## About this task
Word for word, write the lines below out again, with no pictures.

=== Begin Enclosure ===

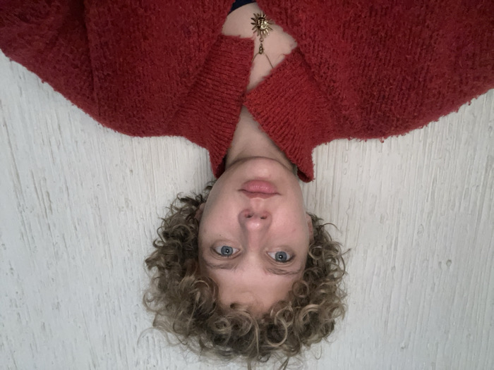 The image displays a close-up, frontal view of a single individual with light skin, blue eyes, and short, curly, light brown hair. The individual is looking directly at the camera with a neutral expression. They are wearing a textured, loose-knit, red cardigan or sweater featuring a wide, open collar. A gold-colored pendant, shaped like a stylized sun with radial rays, hangs from a thin chain around the individual's neck, partially visible beneath the cardigan. The background consists of a light-colored wall, likely white or off-white, exhibiting a distinct vertical textured pattern. The scene is indoors. No visual elements within the image identify its location as Mexico City, Mexico.
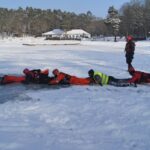 Różne techniki ratowania ludzi z zimnej wody pod którymi załamał się lód prezentowali we środę (10 lutego) przed południem policjanci i ratownicy Wodnego Ochotniczego Pogotowia Ratunkowego w Szczecinie. Policjanci oraz ratownicy z WOPR na jeziorze Głębokie pokazywali, co zrobić, gdy widzimy człowieka pod którym załamał się, bądź może załamać się lód.
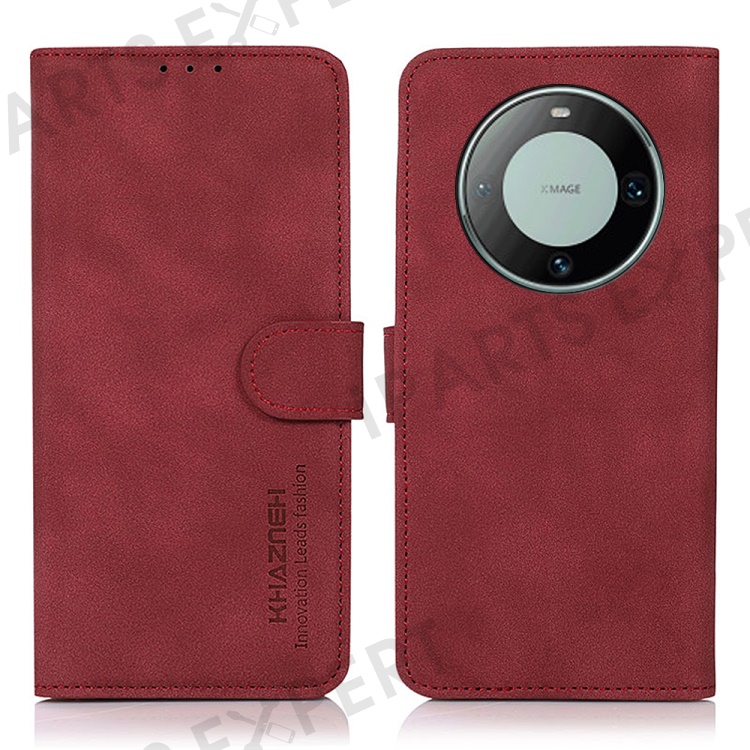 KHAZNEH For Huawei Mate 60 Textured Wallet Stand Cover Magnetic Closure PU Leather Phone Case - Red
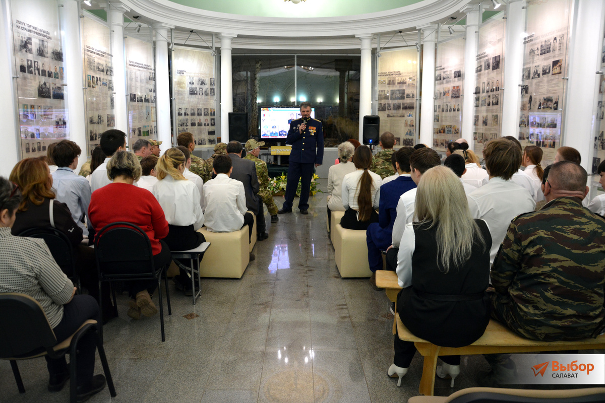 В преддверии Дня героев Отечества прошел урок мужества, организованный сотрудниками МБУ К и И «Наследие» и участниками патриотического клуба «СВОи Герои» библиотеки «Своя химия». В зале — почетные гости: среди них — ветераны СВО и их семьи, председатель Совета ветеранов Суфия Зидиханова, депутат, социальный координатор филиала госфонда «Защитники Отечества» Сергей Данилов, советник главы администрации города по вопросам СВО, председатель Ассоциации ветеранов СВО Марат Хасанов и другие.
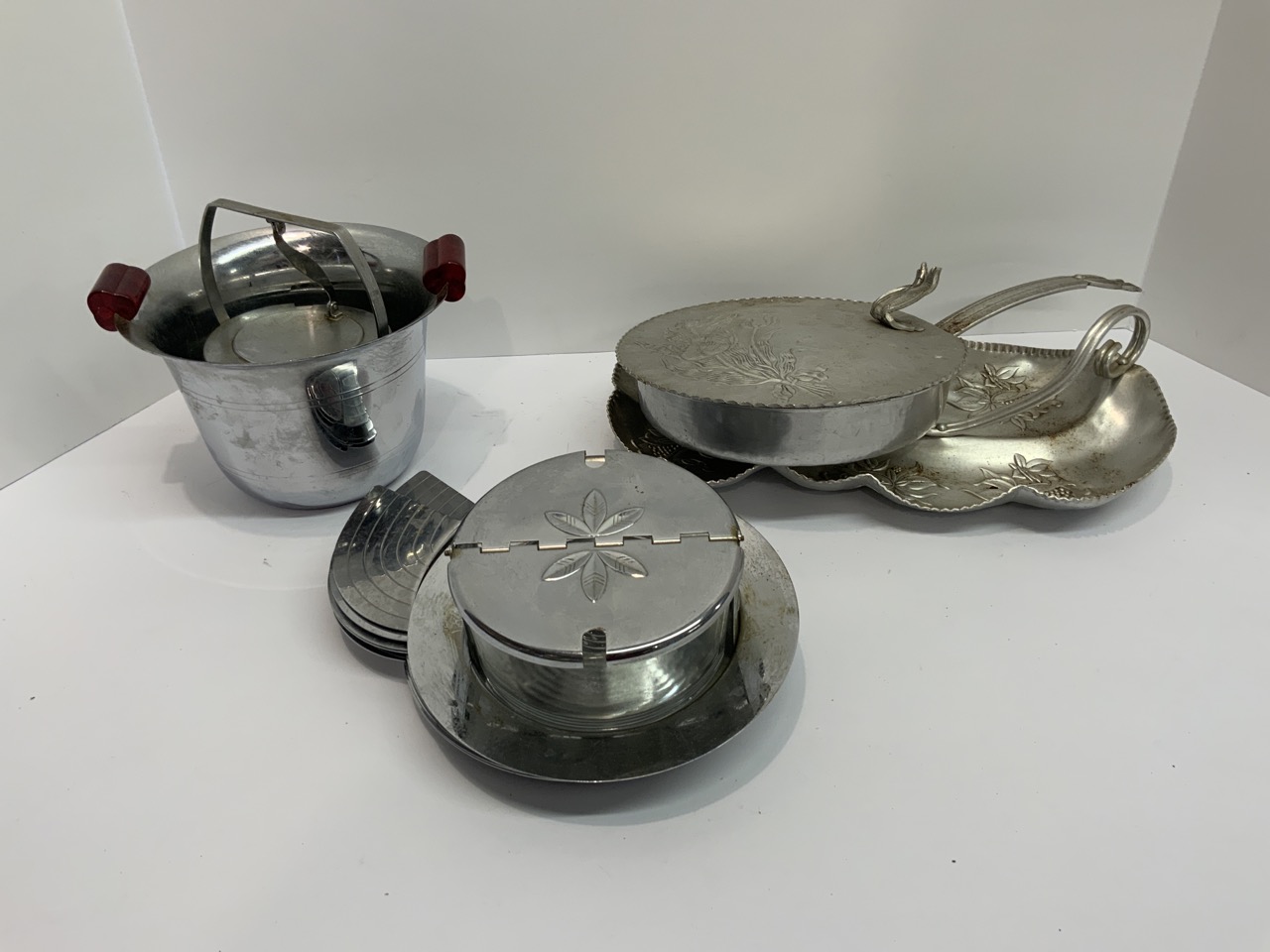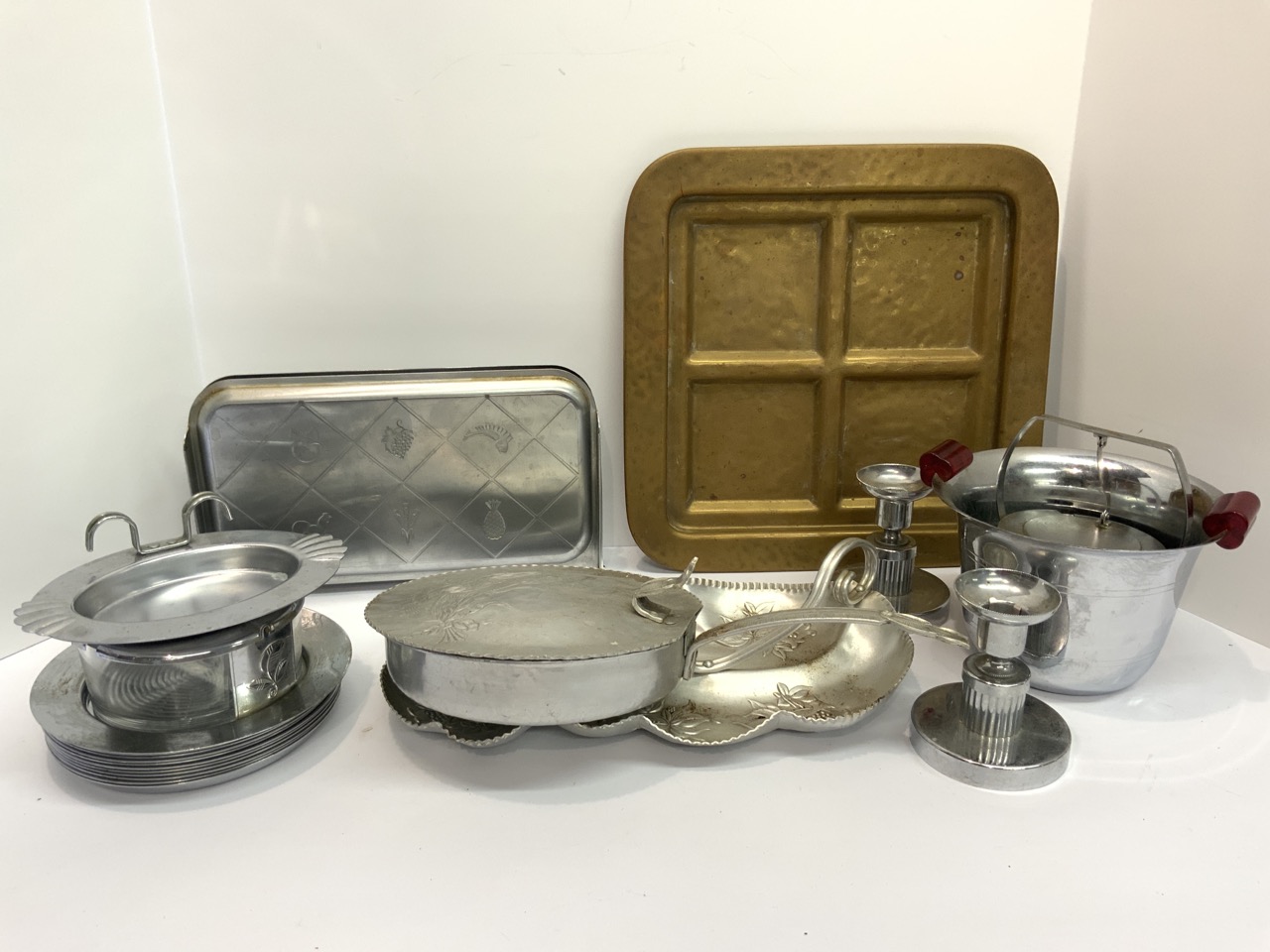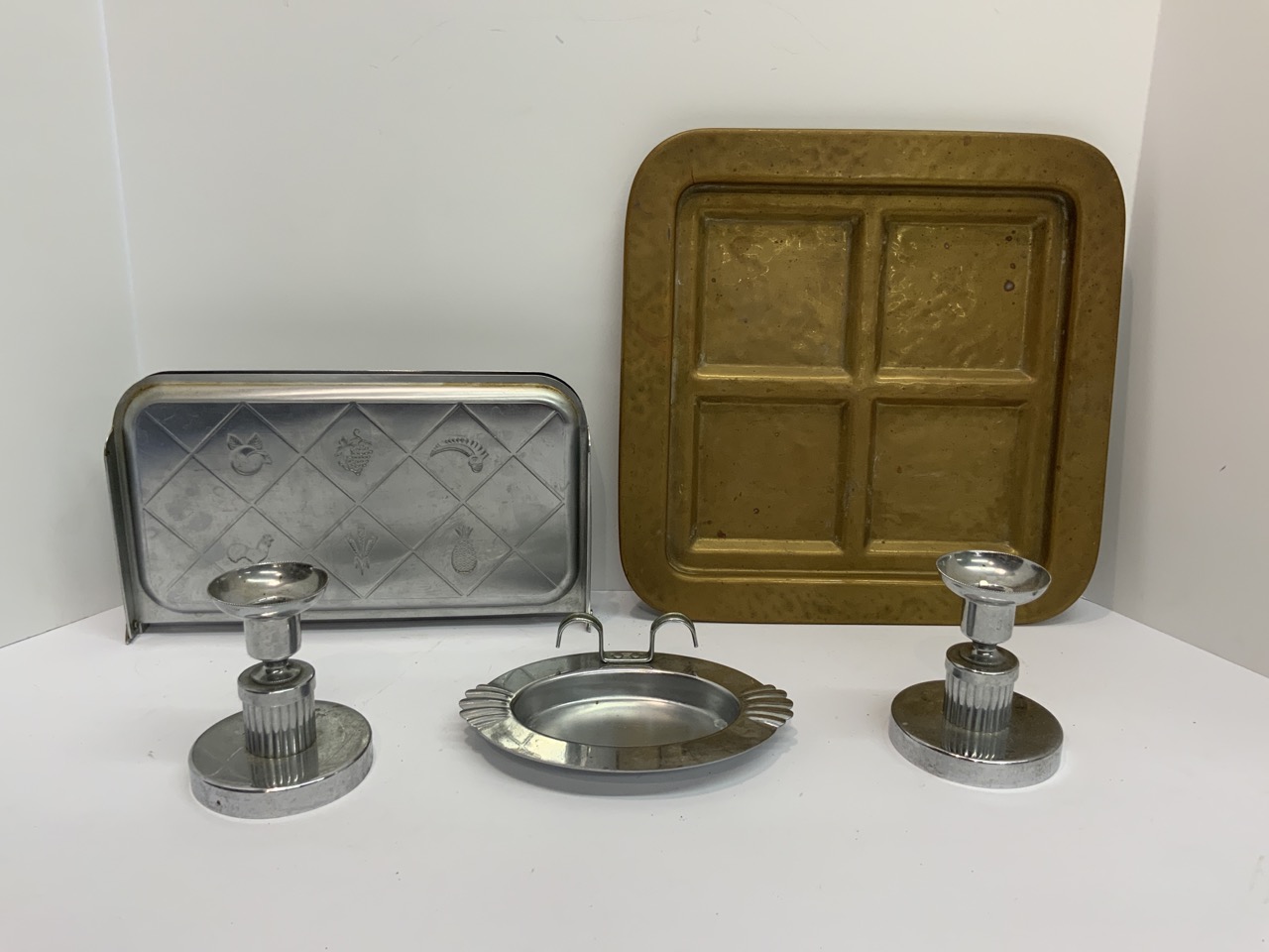 Gold tray, candlesticks
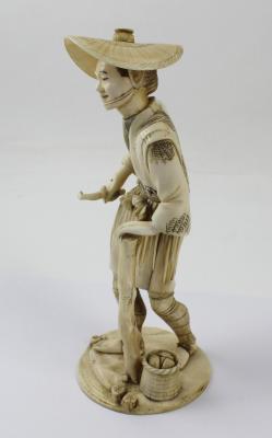 Lot 432 of 788: A Japanese Meiji period Tokyo school okimono of a wood cutter on a stylised circular base, signature and red seal mark to base, height 21cm (af).
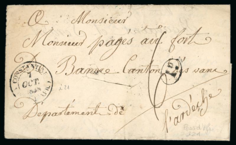 1839, lettre de Constantine à Banne (Ardèche) avec cachet "CONSTANTINE (POSS D'AFR.)" du 7 octobre 1838, ce qui en fait la 1ère date connue, taxe manuscrite 6 + 1 décime de voie de mer, au dos marque en noir "purifié à Toulon" + entailles de purification, cad type 15 au passage à Marseille du 24 octobre 1838 et Nismes le 25 janvier 1839, superbe document. (Image)
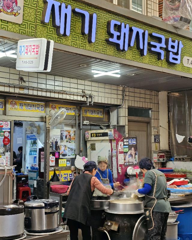 “재기돼지국밥” 간판을 찾는 건 어렵지 않았다. 파란색 글씨로 큼지막하게 쓰여진 간판은 한눈에 들어왔다. 가게 앞에는 커다란 솥에서 김이 모락모락 피어오르고 있었고, 분주하게 움직이는 이모님들의 모습에서 맛집의 포스가 느껴졌다.
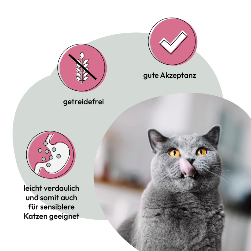 Huhn ist eine leicht verdauliche und magere Proteinquelle und liefert deinem Vierbeiner schonend die Energie für all eure Abenteuer. Es ist daher eine gute Wahl für sensible Katzen.
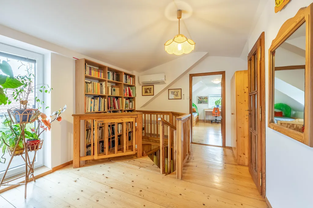 V prvním patře se nachází 2 pokoje, WC, malá šatna a velká průchozí šatna, která může sloužit jako další pokoj.
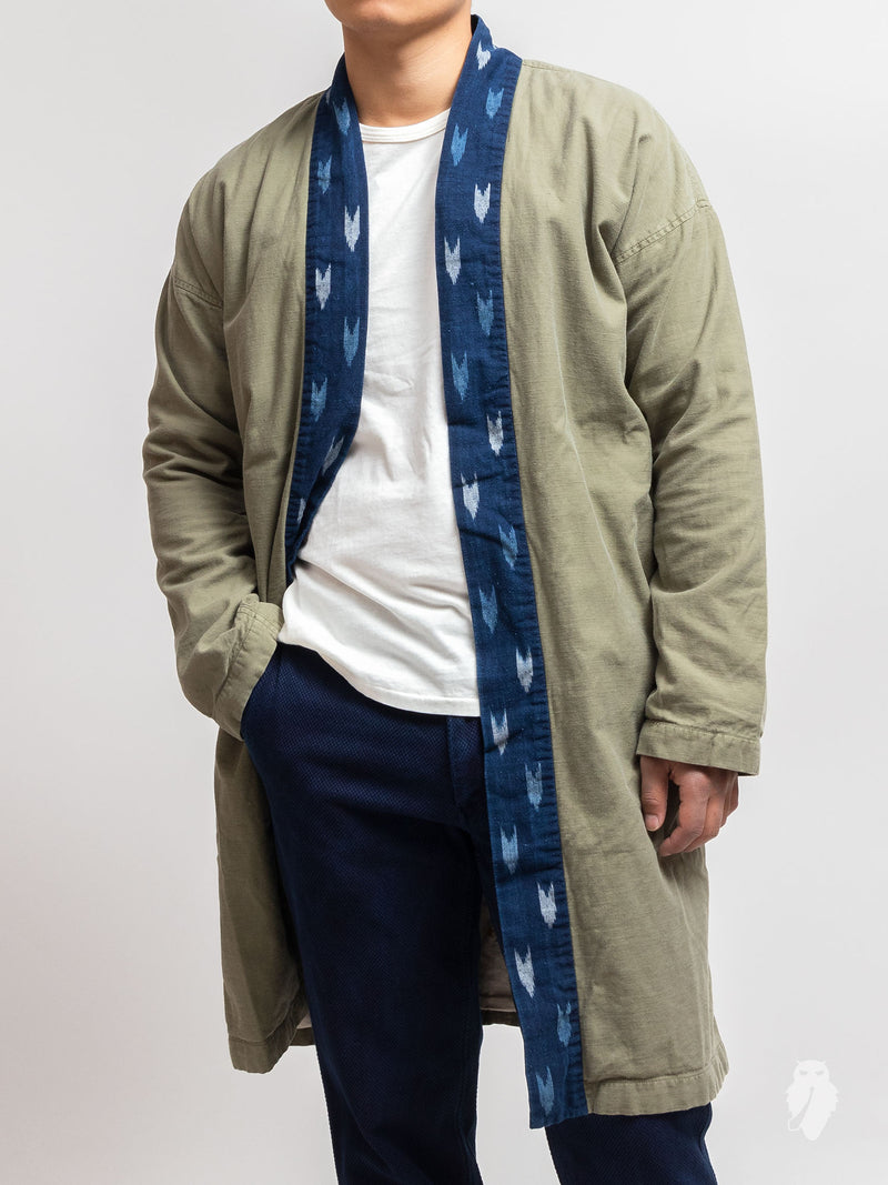 • The Traveler Coat from SOULIVE is a twist on the brand's signature Haori style. Made from a military twill fabric, the full-length coat features indigo-dyed Japan Blue Co. archive fabric along the placket and is fitted with a floral ripstop liner. The coat features a minimalist design free of zippers or ties, and is fitted with two discrete welt hand pockets at the waist.

=== End Enclosure ===

## Exercise solution
 The image displays a close-up, frontal view of a single individual with light skin, blue eyes, and short, curly, light brown hair. The individual is looking directly at the camera with a neutral expression. They are wearing a textured, loose-knit, red cardigan or sweater featuring a wide, open collar. A gold-colored pendant, shaped like a stylized sun with radial rays, hangs from a thin chain around the individual's neck, partially visible beneath the cardigan. The background consists of a light-colored wall, likely white or off-white, exhibiting a distinct vertical textured pattern. The scene is indoors. No visual elements within the image identify its location as Mexico City, Mexico.
 Różne techniki ratowania ludzi z zimnej wody pod którymi załamał się lód prezentowali we środę (10 lutego) przed południem policjanci i ratownicy Wodnego Ochotniczego Pogotowia Ratunkowego w Szczecinie. Policjanci oraz ratownicy z WOPR na jeziorze Głębokie pokazywali, co zrobić, gdy widzimy człowieka pod którym załamał się, bądź może załamać się lód.
 KHAZNEH For Huawei Mate 60 Textured Wallet Stand Cover Magnetic Closure PU Leather Phone Case - Red
 В преддверии Дня героев Отечества прошел урок мужества, организованный сотрудниками МБУ К и И «Наследие» и участниками патриотического клуба «СВОи Герои» библиотеки «Своя химия». В зале — почетные гости: среди них — ветераны СВО и их семьи, председатель Совета ветеранов Суфия Зидиханова, депутат, социальный координатор филиала госфонда «Защитники Отечества» Сергей Данилов, советник главы администрации города по вопросам СВО, председатель Ассоциации ветеранов СВО Марат Хасанов и другие.
 Gold tray, candlesticks
 Lot 432 of 788: A Japanese Meiji period Tokyo school okimono of a wood cutter on a stylised circular base, signature and red seal mark to base, height 21cm (af).
 1839, lettre de Constantine à Banne (Ardèche) avec cachet "CONSTANTINE (POSS D'AFR.)" du 7 octobre 1838, ce qui en fait la 1ère date connue, taxe manuscrite 6 + 1 décime de voie de mer, au dos marque en noir "purifié à Toulon" + entailles de purification, cad type 15 au passage à Marseille du 24 octobre 1838 et Nismes le 25 janvier 1839, superbe document. (Image)
 “재기돼지국밥” 간판을 찾는 건 어렵지 않았다. 파란색 글씨로 큼지막하게 쓰여진 간판은 한눈에 들어왔다. 가게 앞에는 커다란 솥에서 김이 모락모락 피어오르고 있었고, 분주하게 움직이는 이모님들의 모습에서 맛집의 포스가 느껴졌다.
 Huhn ist eine leicht verdauliche und magere Proteinquelle und liefert deinem Vierbeiner schonend die Energie für all eure Abenteuer. Es ist daher eine gute Wahl für sensible Katzen.
 V prvním patře se nachází 2 pokoje, WC, malá šatna a velká průchozí šatna, která může sloužit jako další pokoj.
 • The Traveler Coat from SOULIVE is a twist on the brand's signature Haori style. Made from a military twill fabric, the full-length coat features indigo-dyed Japan Blue Co. archive fabric along the placket and is fitted with a floral ripstop liner. The coat features a minimalist design free of zippers or ties, and is fitted with two discrete welt hand pockets at the waist.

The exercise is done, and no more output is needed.